Jesse’s mouth dropped open, and he noticed the distinct bruising along Demetrios’ knuckles as he clenched his hands between his legs, trying to hide them from him.

“It was you,” Jesse realised aloud. “You punched Elias.”

Demetrios nodded, head bowing in shame. Jesse’s stomach dropped, body sinking into the concrete. Why would Demetrios have done that? What could Elias have possibly said to warrant Demetrios snapping? Had it been his fault? He reached for Demetrios’ swollen hand, pulling it away from his other one to take it in his own. He stroked a thumb along the raw knuckles, careful not to hurt him, desperate to wipe away the pain. Demetrios held steady, eyes on Jesse. He looked so vulnerable then. So sad.

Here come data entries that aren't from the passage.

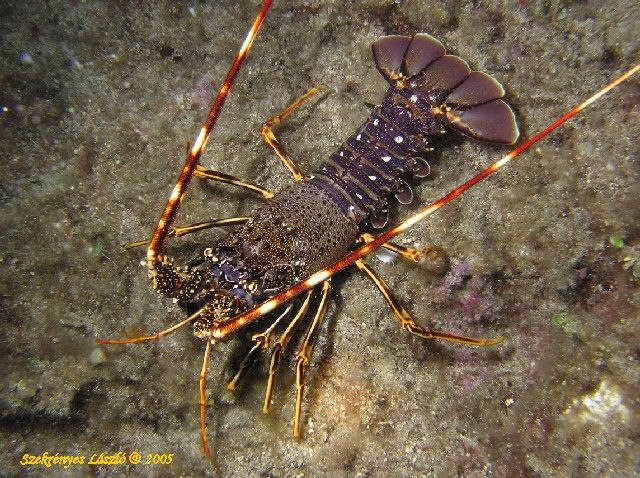 Languszta éjjeli sétánNappal az üregekben ülő languszták éjjel kint flangáltak a fenéken. Nagyszerű élmény volt ennek az apróságnak a szemlélése. Kint volt az egész család. Volt egy növendék is. Csak hát a nagy mellé nem fért rá a képre. :)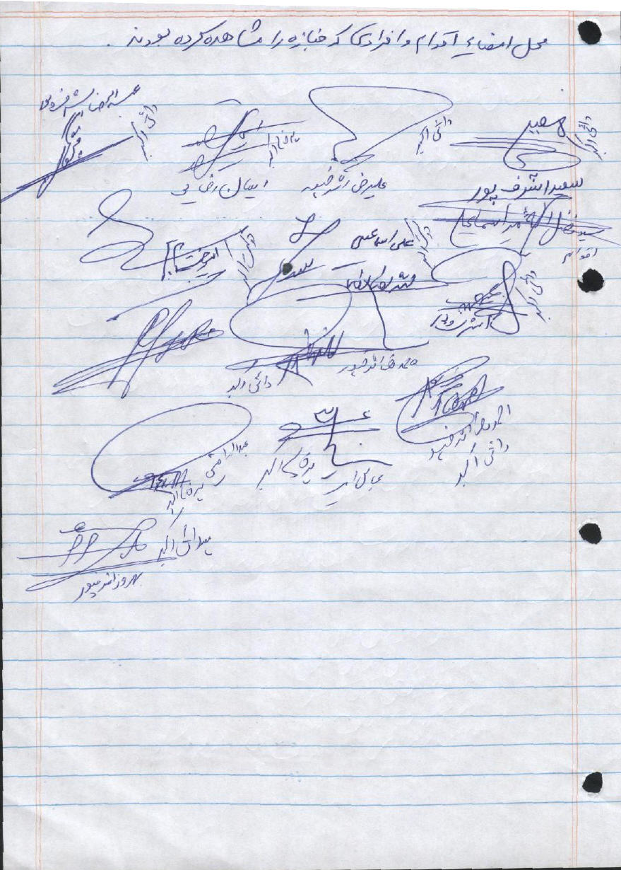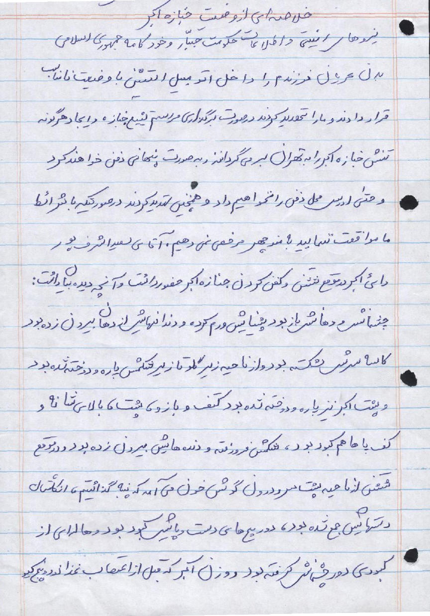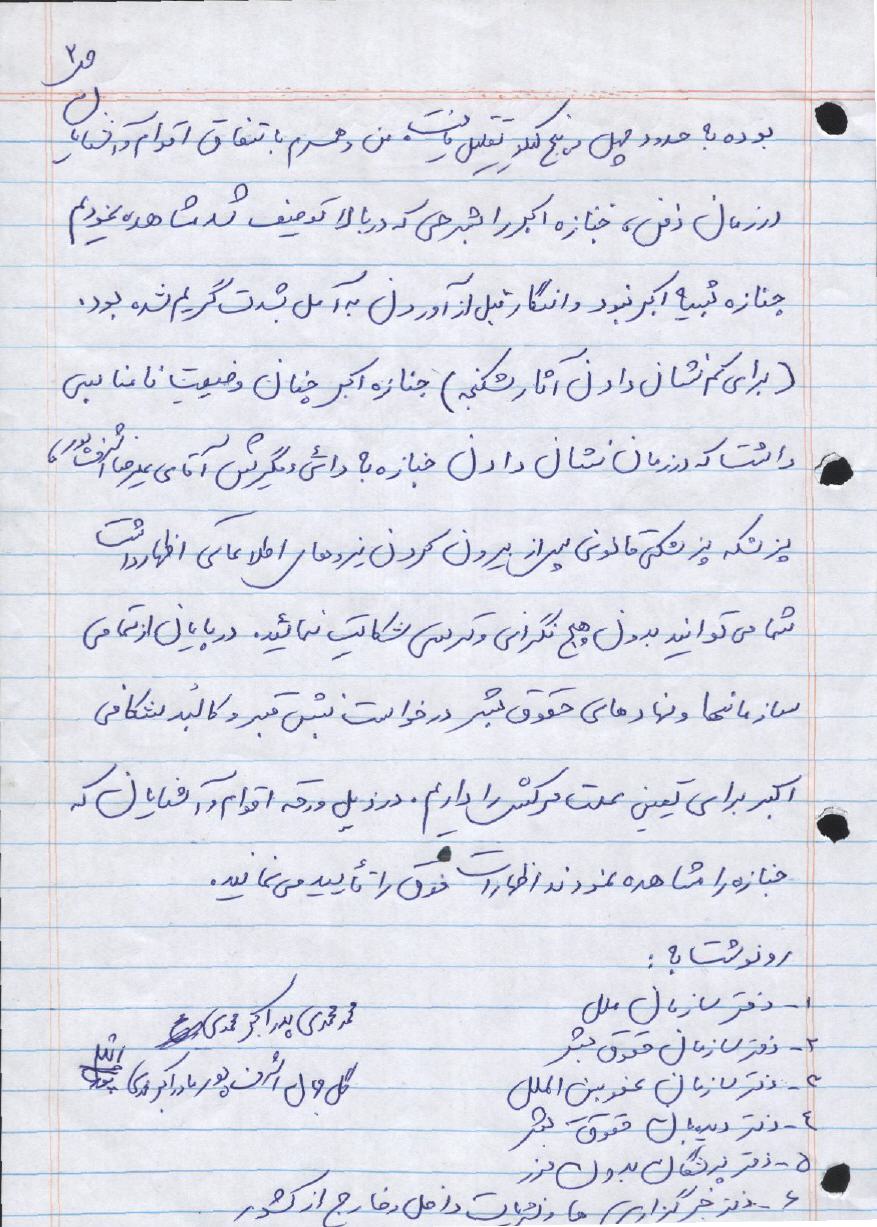 خلاصهاى از وضعيت جنازه اکبر، با دستخط و امضاى بستگان اکبر محمدى
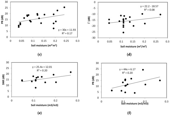 For the case of PR, we observed a low correlation with soil moisture (R2 < 0.2, even for low LAI values). This correlation suggests that, in airborne scenarios, the polarimetric ratio has a lower sensitivity to soil moisture, contrary to the findings reported for the example in [26]. This difference could be explained by the fact that the GLORI measurements were corrected for cross-polarization effects, thus removing most of the residual LHCP signal contributions from the RHCP reflected antenna. This limitation could be due to the high noise level in the PR data, coming from low values of . For this reason, it seems difficult to consider this observable in the analysis of soil moisture effect.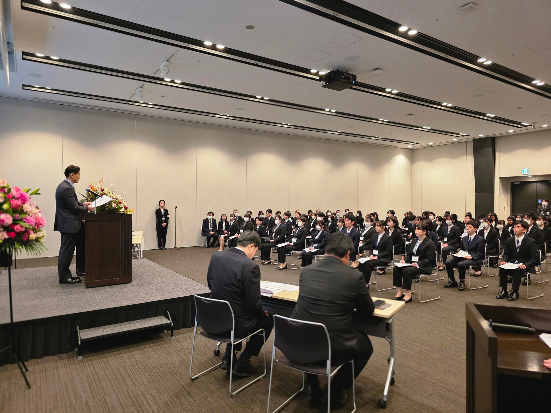 式典では、理事長挨拶、来賓祝辞、常務理事挨拶に加え、辞令交付や新入職員による誓いの言葉が行われました。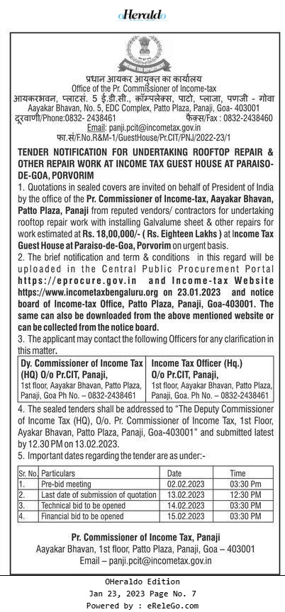 TENDER NOTIFICATION FOR UNDERTAKING ROOFTOP REPAIR & OTHER REPAIR WORK AT INCOME TAX GUEST HOUSE AT PARAISO- DE-GOA, PORVORIM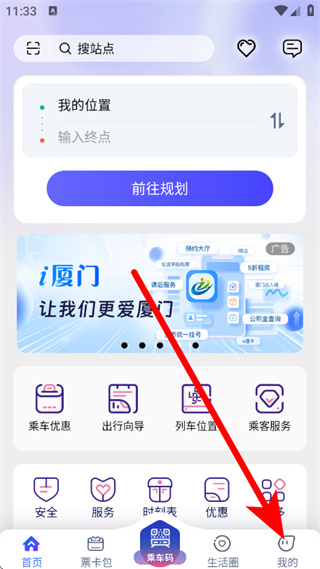 1、打开厦门地铁,点击底部的我的,进入我的页面。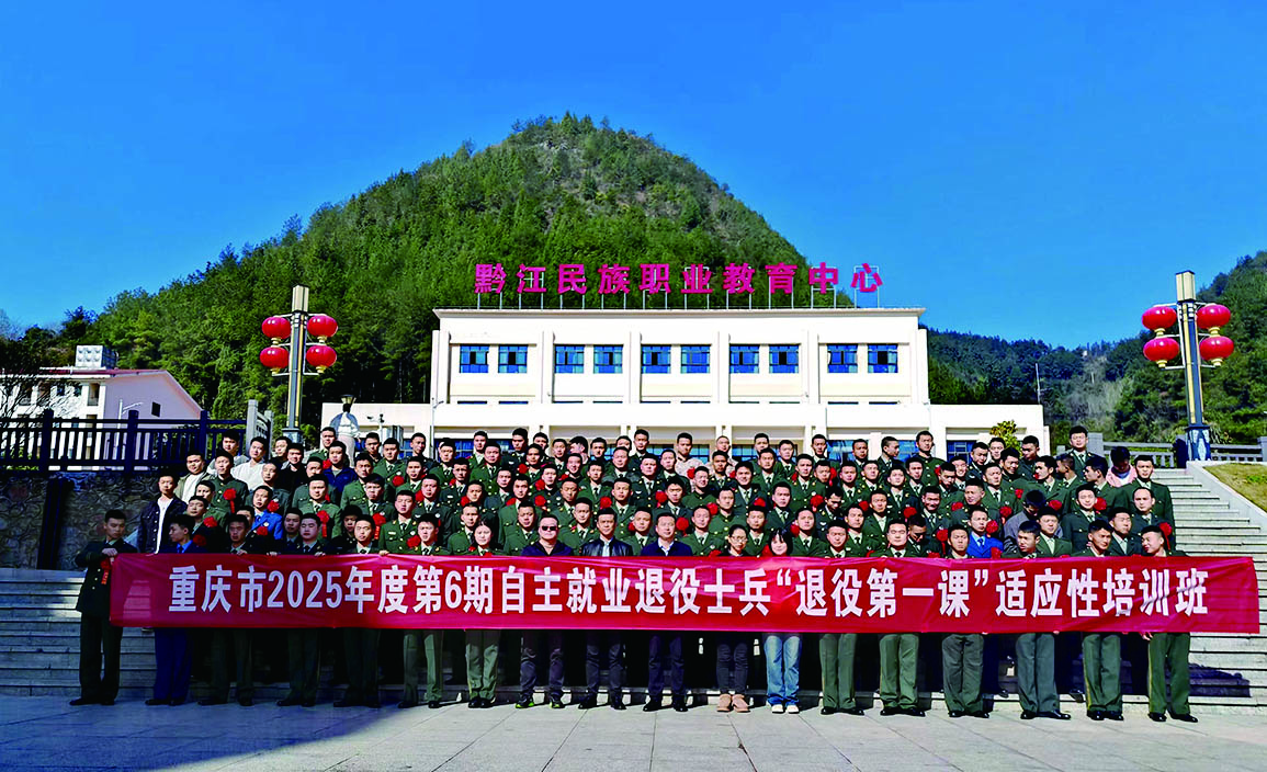 3月25日,重慶市2025年度第6期(黔江、彭水、酉陽、秀山)自主就業(yè)退役士兵“退役第一課”適應(yīng)性培訓(xùn)班開班儀式在黔江區(qū)民族職業(yè)教育中心舉行。來自黔江、彭水、酉陽、秀山等區(qū)縣自主就業(yè)退役士兵共120余人參加。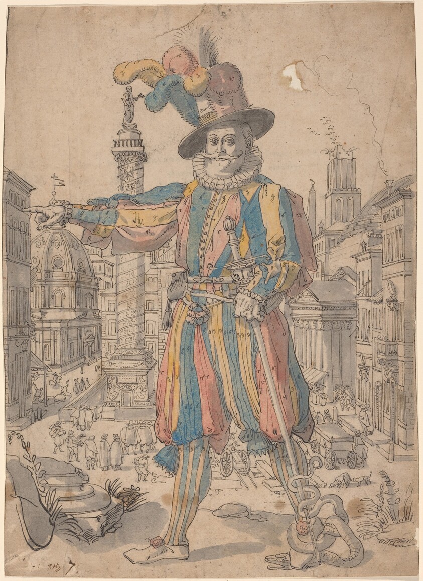 Giovanni Grosso of the Swiss Guards Standing before a View of Rome

Jesse had only seen him like that once before.

How could that be fake?

“Why’d you hit him?” Jesse asked, voice barely a whisper carrying on the sea breeze.

“He said something I didn’t like.”

“What?”

Demetrios shook his head, then linked his fingers with Jesse’s. Jesse didn’t stop him. Why would he? It was natural, nice, to be holding his hand again, the way they once had so easily.

“Elias told me you left with someone else,” Jesse said, eyes on Demetrios’ hand in his.

Demetrios clenched his fingers. “I would never—”

“I know.” Jesse sighed. “He also said we should fuck, film it and send it to you.”

“I should have hit him harder.”

Jesse snorted, stroking his knuckles and soothing his beast. Demetrios peered behind him to the roses.

“Are you going to see your mum?”

“No. No, not really.” He contemplated for a moment, then bit his lip, tilting his head. “Do you still have your scooter?”

“Not the same one as…I have a bike, yeah. You want to borrow it?”

“God, no. Can you imagine me riding a scooter?” Jesse chuckled. “I don’t suppose you could take a few hours off? There’s something I want to do. If you can take me?”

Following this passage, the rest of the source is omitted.